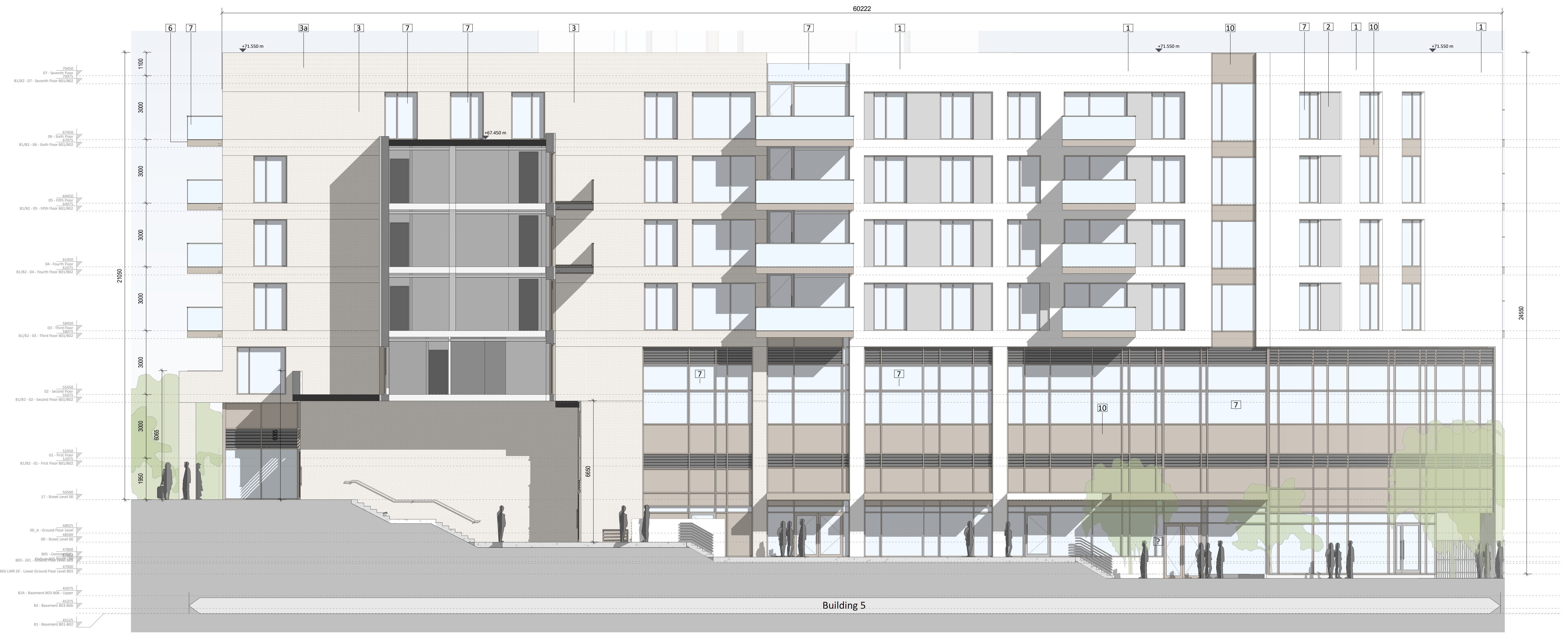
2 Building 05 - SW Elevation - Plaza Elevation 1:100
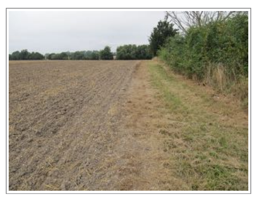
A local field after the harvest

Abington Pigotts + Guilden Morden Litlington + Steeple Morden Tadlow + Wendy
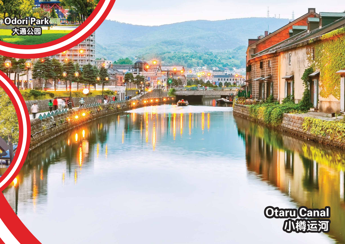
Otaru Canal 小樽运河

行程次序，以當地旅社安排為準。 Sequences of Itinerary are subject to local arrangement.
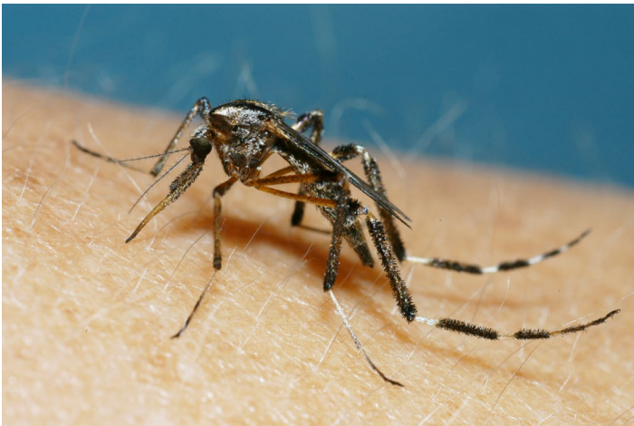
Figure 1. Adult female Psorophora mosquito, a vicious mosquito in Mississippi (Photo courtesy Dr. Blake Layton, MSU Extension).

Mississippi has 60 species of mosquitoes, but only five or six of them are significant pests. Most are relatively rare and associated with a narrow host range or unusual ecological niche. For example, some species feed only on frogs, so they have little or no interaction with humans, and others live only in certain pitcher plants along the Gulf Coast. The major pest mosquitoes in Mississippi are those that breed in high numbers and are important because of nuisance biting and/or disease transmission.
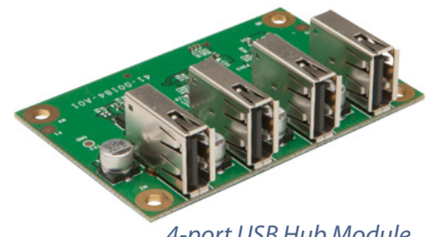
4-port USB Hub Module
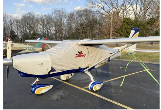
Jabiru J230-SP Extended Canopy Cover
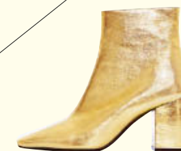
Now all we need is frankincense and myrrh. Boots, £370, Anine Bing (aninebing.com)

§ §

▶ _TASK ITEM_: Restate word for word the lines running from the first line of the material to the line containing "行程次序，以當地旅社安排為準。 Sequences of", inclusive, and drop every picture.

▶ _RESPONSE_:
2 Building 05 - SW Elevation - Plaza Elevation 1:100
A local field after the harvest

Abington Pigotts + Guilden Morden Litlington + Steeple Morden Tadlow + Wendy
Otaru Canal 小樽运河

行程次序，以當地旅社安排為準。 Sequences of Itinerary are subject to local arrangement.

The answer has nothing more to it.